Bruxelas – Em um movimento que revela o atrito crescente entre governos nacionais e as instituições europeias sobre a resposta à escalada das tarifas, o ex-presidente do Vêneto e agora vice-presidente da Comissão de Recursos Naturais do Comitê das Regiões, Luca Zaia, pediu publicamente maior margem de manobra ao bloco para que o Executivo italiano possa intervir contra a crise energética.
Eleito hoje, primeiro vice-presidente (entre dois) da comissão, Zaia declarou, à margem dos trabalhos, que “é fundamental ouvir a solicitação do governo Meloni: foi claro quanto à possibilidade de investir e ampliar a despesa”. Em sua leitura, a proposta italiana de contemplar uma suspensão temporária do Pacto de Estabilidade para mitigar o impacto do aumento das contas de energia merece atenção e uma resposta pragmática de Bruxelas.

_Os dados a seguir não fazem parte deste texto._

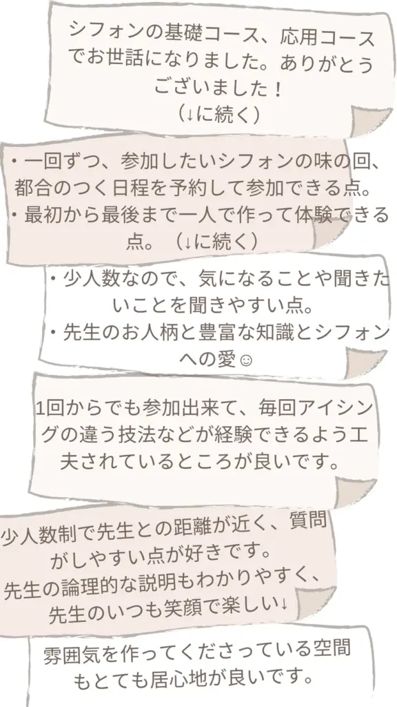 シフォンの基礎コース、応用コースでお世話になりました。ありがとうございました!

A posição italiana contrapõe-se, em parte, ao apelo do vice-presidente da Comissão Europeia com pasta de Coesão e Reformas, Raffaele Fitto, que sugeriu empregar os já comprometidos fundos de coesão para enfrentar o aumento dos preços. Zaia foi enfático: “Os fundos de coesão já têm uma destinação. Valeria mais que a União Europeia nos permitisse abrir os cordões da bolsa e realizar as intervenções que o governo pretende promover”.

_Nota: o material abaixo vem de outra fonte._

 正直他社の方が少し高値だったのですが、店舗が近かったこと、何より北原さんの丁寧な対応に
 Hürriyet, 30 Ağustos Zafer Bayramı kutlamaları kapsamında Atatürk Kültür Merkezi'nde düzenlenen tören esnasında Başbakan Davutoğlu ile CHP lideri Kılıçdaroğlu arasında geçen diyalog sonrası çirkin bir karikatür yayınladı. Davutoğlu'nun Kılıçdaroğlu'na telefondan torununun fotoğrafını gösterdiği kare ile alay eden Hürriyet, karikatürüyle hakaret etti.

Mais contundente, o assessor regional para Agricultura da Emilia-Romagna, Alessio Mammi, classificou a ideia de redirecionar os fundos de coesão como “inaceitável”. Segundo Mammi, utilizar esses recursos para políticas energéticas seria um erro estratégico, pois tais fundos são vitais para investimentos em áreas rurais e remotas — infraestrutura, estradas, requalificação urbana, serviços sociais e de saúde em zonas de montanha — cuja fragilidade territorial depende diretamente desses aportes.
Na sessão, foi aprovado por unanimidade o parecer assinado por Mammi que exige evitar a redução de 20% dos fundos da PAC e das verbas para a agricultura no próximo Quadro Financeiro Plurianual 2028-2034 da UE. O documento também pede a manutenção da OCM (Organização Comum de Mercado), ferramenta que o relator qualificou como “formidável” para permitir investimentos em pesquisa, produção e agregação da oferta, essenciais para preservar a renda dos agricultores.

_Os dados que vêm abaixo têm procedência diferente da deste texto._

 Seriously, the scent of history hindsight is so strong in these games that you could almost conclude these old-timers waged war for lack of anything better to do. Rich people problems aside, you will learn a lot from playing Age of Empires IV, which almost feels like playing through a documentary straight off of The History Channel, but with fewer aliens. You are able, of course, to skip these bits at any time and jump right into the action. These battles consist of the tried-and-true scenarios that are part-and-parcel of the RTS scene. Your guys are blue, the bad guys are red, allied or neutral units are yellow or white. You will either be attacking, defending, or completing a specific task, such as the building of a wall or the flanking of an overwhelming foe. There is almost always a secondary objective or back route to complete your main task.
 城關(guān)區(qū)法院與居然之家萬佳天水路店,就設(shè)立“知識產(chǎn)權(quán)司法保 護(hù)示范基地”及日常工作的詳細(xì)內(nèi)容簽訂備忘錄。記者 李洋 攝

Para Mammi, as respostas a médio e longo prazo passam por três frentes: elevar a despesa pública da UE do atual 1% para 1,6% do Rendimento Nacional Bruto da União; aumentar a produção europeia de proteínas, atualmente deficitária; e incentivar a produção de fertilizantes no continente, reduzindo a dependência externa que torna as cadeias sensíveis a rupturas (lembrando o risco de um bloqueio no Estreito de Hormuz).
O presidente da Região do Piemonte, Alberto Cirio, sintetizou o dilema em termos políticos: “É difícil explicar aos cidadãos por que a Europa permite ultrapassar o Pacto para comprar drones ou mísseis, mas não para ajudar um padeiro a pagar uma conta de luz triplicada ou quadruplicada em razão de guerras internacionais”.
Do ponto de vista estratégico, trata-se de um movimento decisivo no tabuleiro da política europeia: as regiões italianas pressionam por uma rearrumação das regras fiscais e orçamentárias como forma de criar alicerces mais resilientes à atual tectônica de poder energético. Resta saber se a cartografia institucional de Bruxelas aceitará esse redesenho tático ou se preferirá manter a disciplina fiscal vigente, reforçando tensões entre soberania nacional e governança supranacional.